RSR: It's very easy to just give up on this stuff. because it is so difficult. It is difficult to track these distribution goals down, difficult to negotiate them, it's difficult to carry on being motivated to talk to them when you hit brick wall after brick wall. And so when you do finally get through, we want to make a statement, say that these films are worth the same love and attention you would like a cult film from the US or a classic film from Japan or some great Antonioni film from Italy. They are the equivalent. And it's only by doing it in this way that I think we can get that message across. Then hopefully the label has legs and then we can then put out a range of films. But that's the sort of statement we're trying to make with this first release and hopefully the next few as well.
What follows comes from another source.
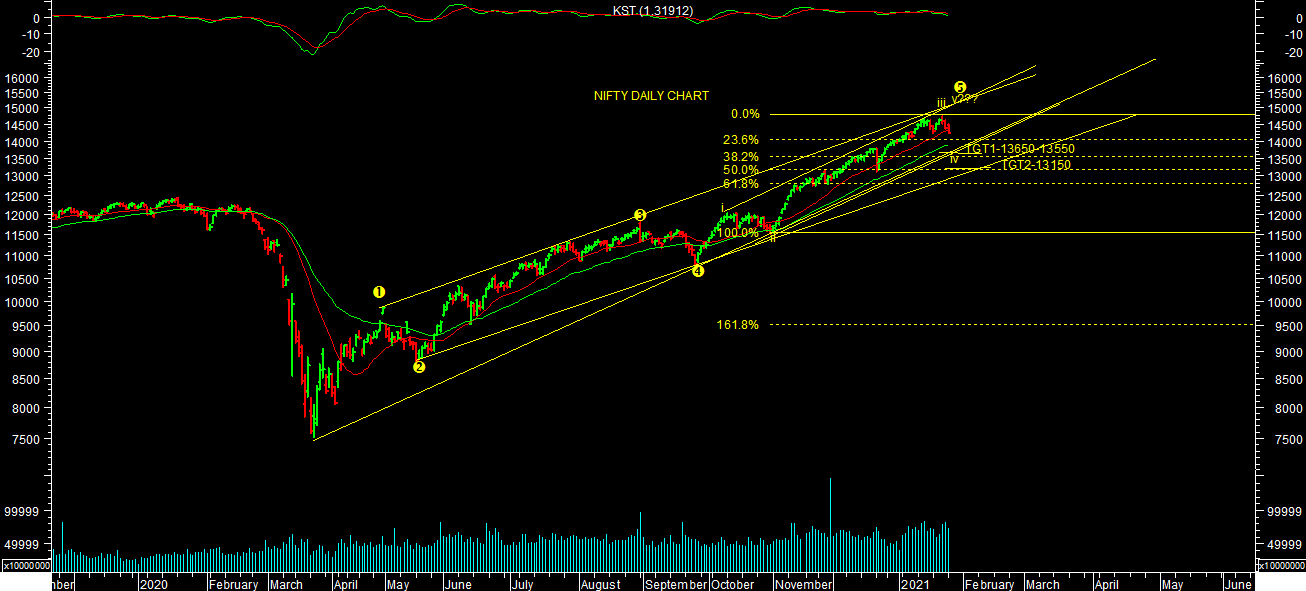 Market sharply broken crucial supports & witnessed sharp profit booking as warned earlier. It looks like correction to extend further towards lower levels targets as mentioned below. Generally, Markets are doing 3 weeks correction so far in this entire rally since March 2020, therefore expects market to remain in corrective mode till end of next week. One should expect market to trend towards lower levels targets in this correction till it reverses.

RES: This is why your label is so essential! Before we go - can you both recommend an Indian film that not enough people know about? Can be anything…
RSR: Well, only because I was listening to the soundtrack this morning. There's this great South Indian film called Punnagai Mannan (1986), it's a Kamal Haasan film from the mid-’80s. And it's got this great electronic synthesizer soundtrack by Ilaiyaraaja. It was dubbed into various other Indian languages as well. So it's also known as Dance Master and Chacha Charlie, Chacha meaning uncle. Haasan plays a double role. The main role is as a disco dancing teacher, and also plays his own uncle, who due to some heartbreak in his past, takes to dressing and acting like Charlie Chaplin. It's fun, but it's very dark. So yeah, check that out, I think it’s on YouTube.
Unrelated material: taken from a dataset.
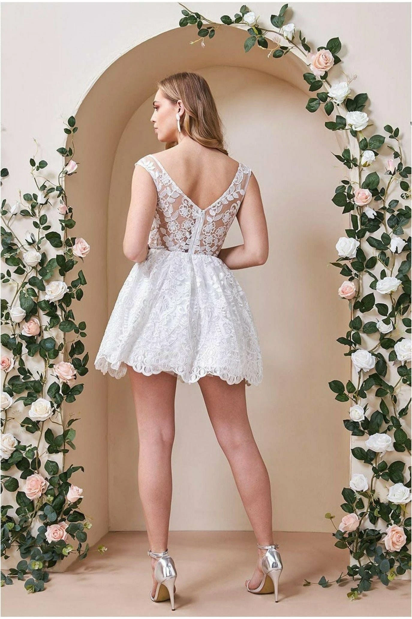 Looking for the perfect party dress? Well, look no further. Goddiva has your desires met with this lace-back mini skater dress. This delicious light white party dress is everything you need this season. With its classic skater style, a short length and all-over lace finish, this pretty white dress is a perfect choice for prom, date nights, cocktail parties, birthdays, bridesmaids and wedding guests. This mini dress is also a great choice for the summer holidays. Its scalloped hem offers a decorative touch to an already sensational style. This cute summer dress is perfect for any occasion.

RES: I need to dive deeper on Kamal Haasan! I love Pushpaka Vimana (1987), his dialogue-free tragicomedy, and his Mrs. Doubtfire remake Chachi 420 (1997). I also really liked Thug Life (2025), even though nobody else did…
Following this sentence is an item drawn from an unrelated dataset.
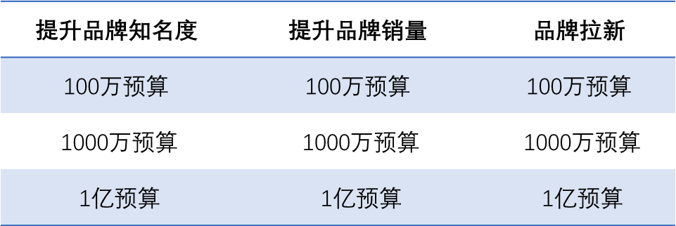 对于有限的100万预算而言,大模型的分配模式可以称得上是中规中矩,而对于品牌知名度的提升预计则缺乏切实有效的数据支撑与思考维度,而后我们将预算提升到1个亿和1000万。

RSR: I haven’t seen that, or even some of his classic ‘90s stuff. I remember why I watched that one, it was because I did a double bill of Modern Times (1936) and Shree 420 (1955), where Raj Kapoor does a sort of Chaplin-esque type of character. And I showed a clip from Punnagai Mannan, which I think means King of Smiles. And I showed a clip of that because of the Charlie Chaplin connection. So that's why I watched it.
RES: It sounds amazing. Omar, does anything come to mind for you?
OA: You’re putting me on the spot now! one that I always keep going back to is Bimal Roy’s Do Bigha Zamin (1953). It's one of the films that's often cited as being an example of Indian neorealism, but it's a brilliant film in terms of the way which it critiques capitalism along with everything else. It's got one of the most pessimistic, downbeat endings I've ever seen for a mainstream Hindi Indian film. Whenever I watched it, I thought, how did he even get away with ending on this note? It's about the trials and tribulations of a farmer who's in debt, forced to go to the city and works pulling a rickshaw through the city, and his son accompanies him and sees his father self-destruct. It's very similar in terms of the narrative to Bicycle Thieves, to De Sica’s film, which influenced Bimal Roy’s approach in the story as well. So I think that is really important. a really foundational film in terms of Indian cinema. But can you get it? No. It's on a poor DVD somewhere. I do know that it’s been restored.
RSR: It makes my pick pale in comparison!
OA: Not at all!
RSR: He picks a foundational film of Indian cinema and I pick Chacha Charlie from the ‘80s [laughs]!
RES: This is what makes you two a good team, you span the full range of cinematic experience!